Background Christianity

Are our morals just obvious to us all? Let’s plunge into the Deeper Waters and find out.

I’ve long been a proponent of the idea that most of the moral beliefs that we hold to are not really ones that we discovered per se. They came to us through a background culture that we are not aware of. We’ve grown up with them so much that we don’t even see them anymore.

Sometimes you hear about people who live next to an airport. At first, they hear the planes coming in and taking off. After awhile, they no longer hear it. When my wife and I first moved to Tennessee, there was a time she could hear the trains coming by as we lived probably less than a mile from the train tracks. I had got used to it. It took her a little while.

In the same way, when you grow up in a culture that has these kinds of moral beliefs, it’s natural to just assume that everyone knows that. They don’t. Go back 200 years and you will find people defending slavery. In many ways, they would still be the odd man out. Go back 2,000 years however and there’s not much talk about it. Why? Because everyone knows it’s wrong? No. Because most everyone knows that’s the way the world works. Some people were meant to be slaves.

Christianity changed culture radically. After awhile, Christians were buying slaves just to set them free. Christians were the ones rescuing little girls who had been abandoned to die in the forest and helping them live and condemning abortion. Christians were the ones who when plague struck stayed by the side of the sick. Unknowingly, they likely had some Christians get a natural immunity to plague as a result of this.

When we look at many of our beliefs today like slavery being wrong and wanting to do good for the poor and doing good just because it’s the right thing to do, these come largely from Christianity. Consider that today, most non-Christians will even think you should be married to one person only. Is marriage being eroded today? Yes. Easy divorce and the redefinition of marriage and living together before marriage aren’t helping. Still, watch most sitcoms even and when a person finds someone and marries them, they’re not really dating anyone else anymore. The search is done.

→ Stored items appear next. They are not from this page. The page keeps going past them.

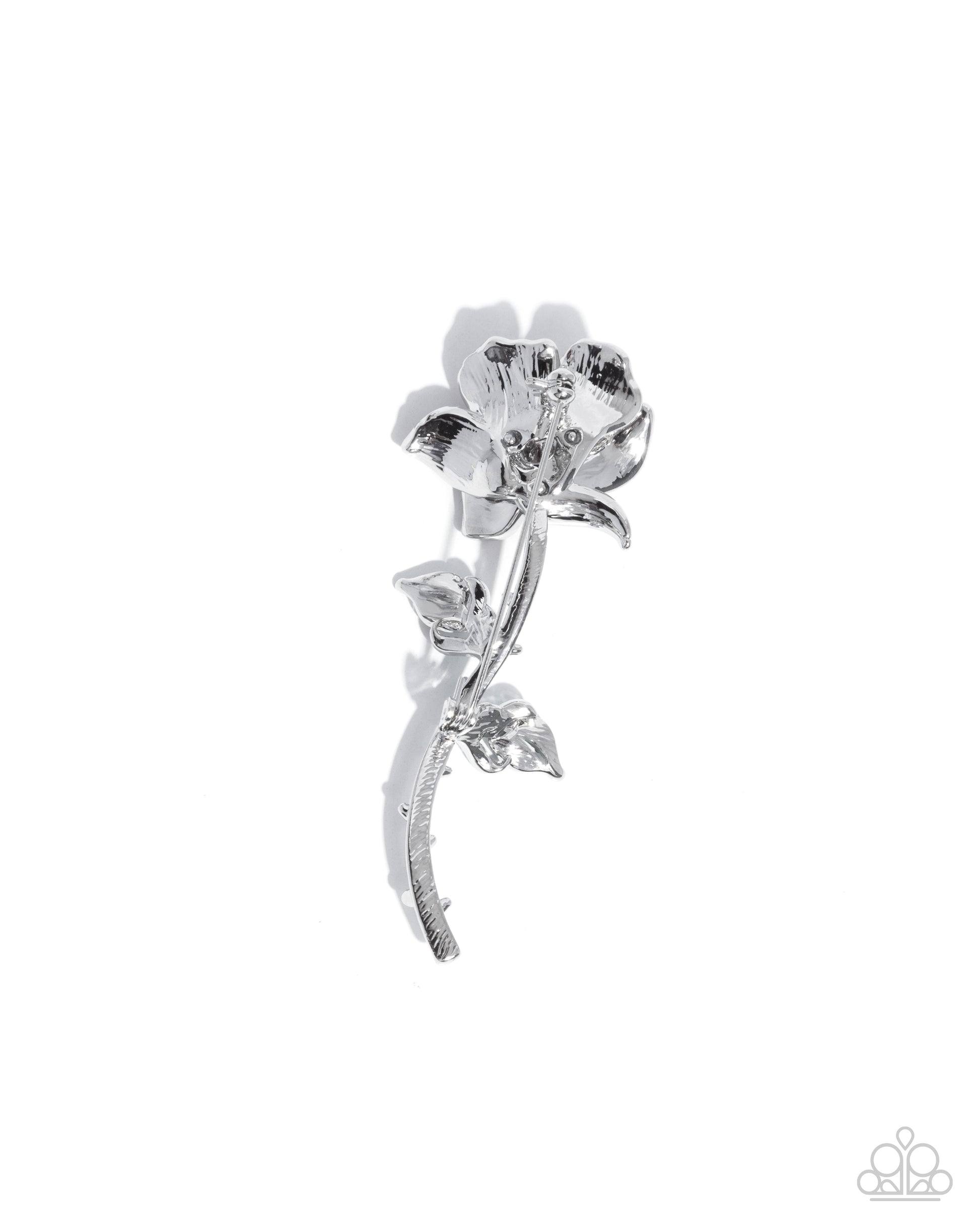Featuring red and Malachite rhinestones, an intricately detailed silver rose complete with textured leaves, thorns, and three-dimensional petals blooms into a breathtaking centerpiece. Brooch measures approximately 1 1/4" in length and 3" in width.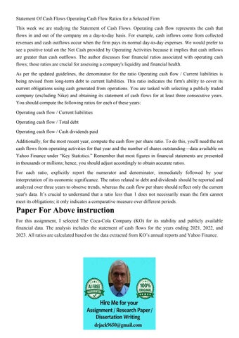 Statement Of Cash Flows Operating Cash Flow Ratios for a Sel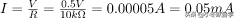 使用这个来使用欧姆定律找到流过电阻器的电流。电阻两端的压降为 9V – 8.5V = 0.5V,因此您可以获得: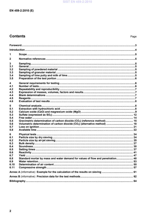 Precision data for the test methods . 62Bibliography . 64 SIST EN 459-2:2010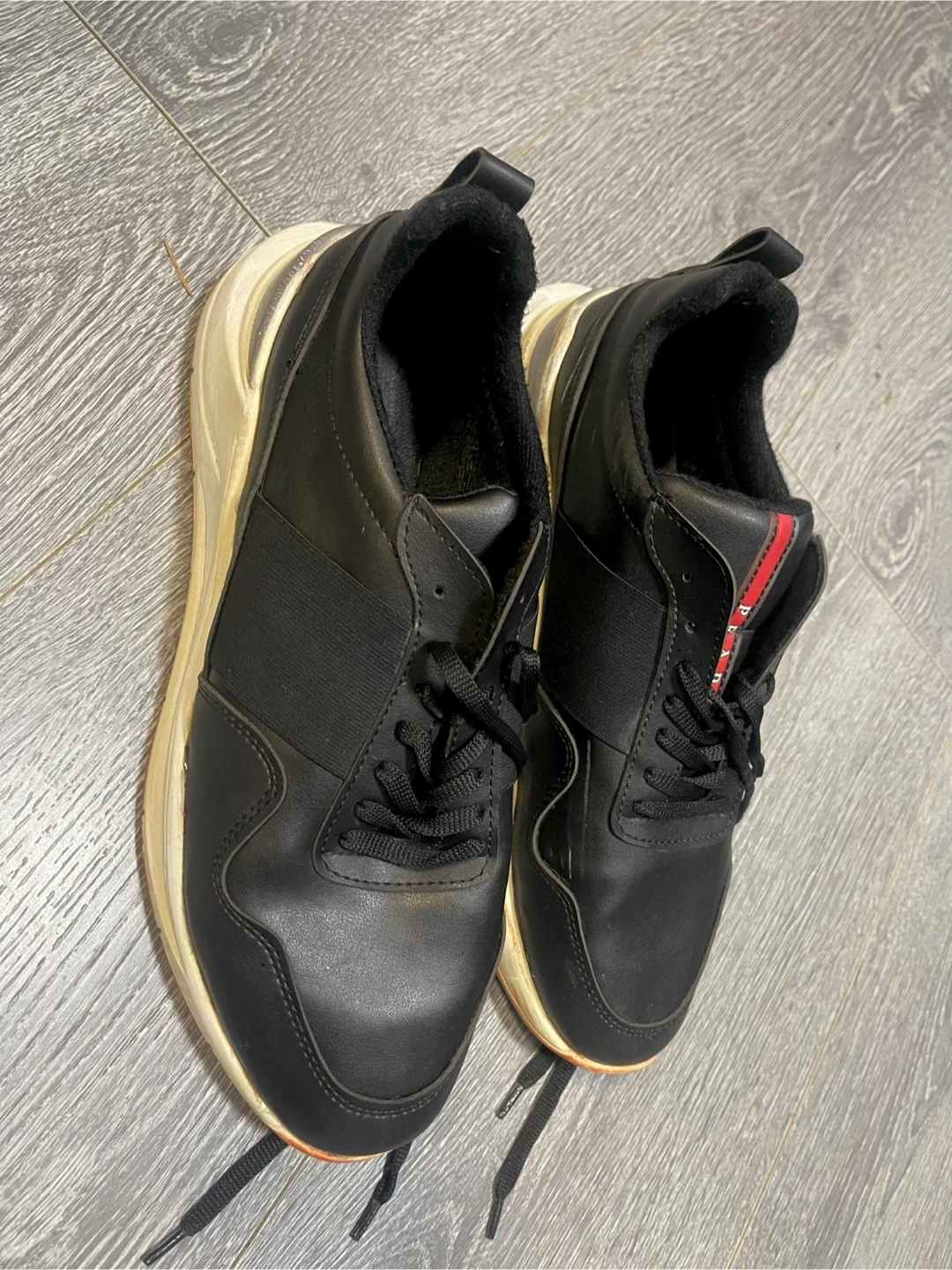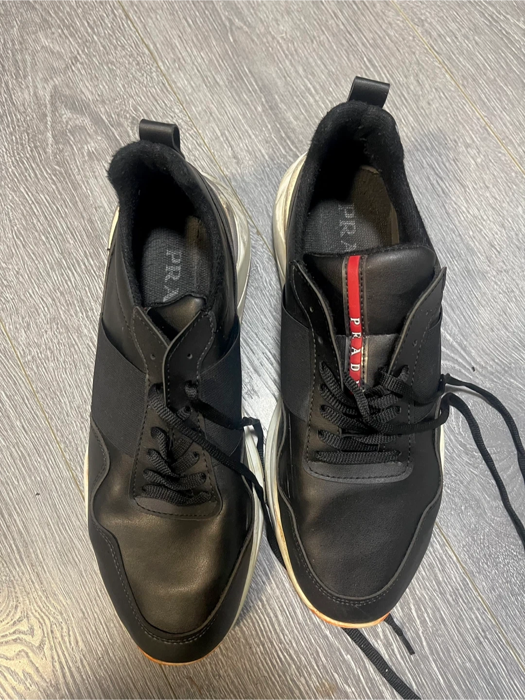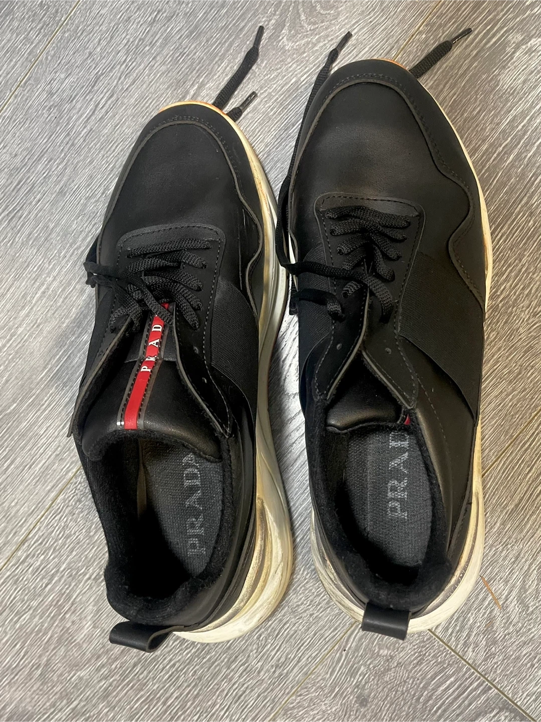 Selling a pair of Prada sneakers in black. They've been worn, as you can see in the photos, but still have lots of life left! Please take a look at the pictures for details on the condition.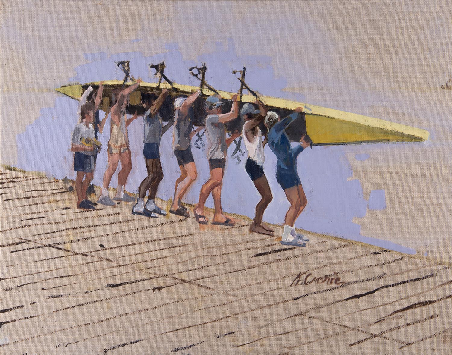 “All Eight” is a series of paintings nodding to the dedication of Navy Rowing. From catch to feather to bedding down the shells for the night, the sport requires a synchronized effort of both grit and grace. These paintings aim to explore the familiar moments in the midst of the dedication. Paintings aim to feel anonymous while inviting the viewer into their world. Images of Navy Men’s Heavyweight, Navy Men’s Lightweight, and Navy Women’s Rowing teams.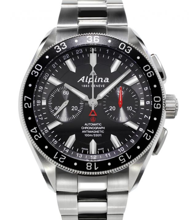 Sand-blasted stainless steel; anodised aluminium red reset button; fluted bezel with inlaid red marking; convex, internally anti-reflective sapphire glass; screwed-down, internally anti-reflective sapphire glass case back; large screw-in crown; flexible lugs; diameter 44 mm, height 15 mm; water-resistant to 10 bar/ 100 m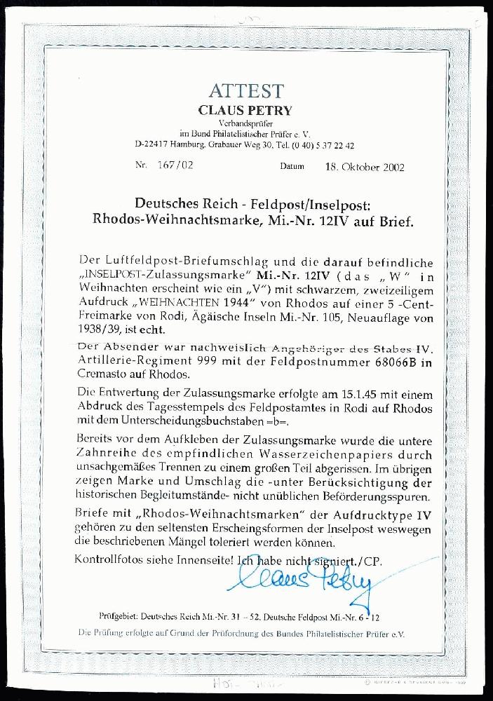 | Zusatzinformationen und Suchstichworte: | Dr. Reinhard Fischer 187. Auktion Auktionstermin: 15. Juli 2022 Los 5195 Feldpost II Wk 1945, Inselpost, Feldpostbrief vom 15.1.45 nach Meissen in Sachsen mit Inselpostmarke mit Aufdruck "WEIHNACHTEN 1944" in Type IV auf Freimarke von Rodi sowie mit Absenderangabe Feldpost-Nr. 68066 B = Stab IV Art.Rgt. 999 auf der Insel Rhodos; der Brief ist zweiseitig geöffnet und an der Unterseite beschnitten, von der Zulassungsmarke wurde die untere Zahnreihe durch unsachgemäßes Trennen zu einem großen Teil abgerissen, da aber Inselpostbriefe mit der Weihnachtsmarke in Type IV zu den seltensten Erscheinungsformen der Inselpost gehören, können diese Mängel toleriert werden; der Brief dürfte mit dem 10. Inselpostflug am 28.1.1945 von Rhodos ausgeflogen worden sein, Fotoattest Hanfried Müller, Mi. 7.500.- Ausruf 1.000,00 EUR |

Many of these ideas even go against our base nature. If a man had his way, it would most often be polygamy or polyamory. Would a man really invent the idea of getting to be sexual with just one woman only and keeping her alone for life and forsaking all others? Yet that is what is done so much so that what is so contrary to our natures is what is seen as normal.

For slavery, it’s thought that we all know a human being shouldn’t own another one. Now, of course, I will debate what happened in the Old Testament times and say it was not New World slavery, but we all look at that slavery today and think it’s a no-brainer. Why? Because we have been Christianized and we haven’t even realized it.

Where do these beliefs come from? For those outside of Christianity, they seem to just be floating on air. They’re there. How do we ground them? For Christians, they are grounded in the image of God. There is something sacred about human beings. C.S. Lewis once said that apart from the sacrament, the most holy sight you will ever see in this lifetime is your neighbor. That person is in the image of God.

When I debate skeptics then, I question this idea that all these things are just obvious. Give a grounding for them. Why do we think this? I also fear that if we let the ones on marriage and sexuality erode, it won’t be long before we’ll also be a slave culture again and everything else. A pre-Christian man is a good state to be in because he’s on the verge of coming to Christ. A post-Christian man is a dangerous one that we don’t know what will happen. Such a person will often think Christianity is a step backward and will do anything to avoid that, even if it means dismissing his fellow human being. We already see this with abortion. How much further can it go?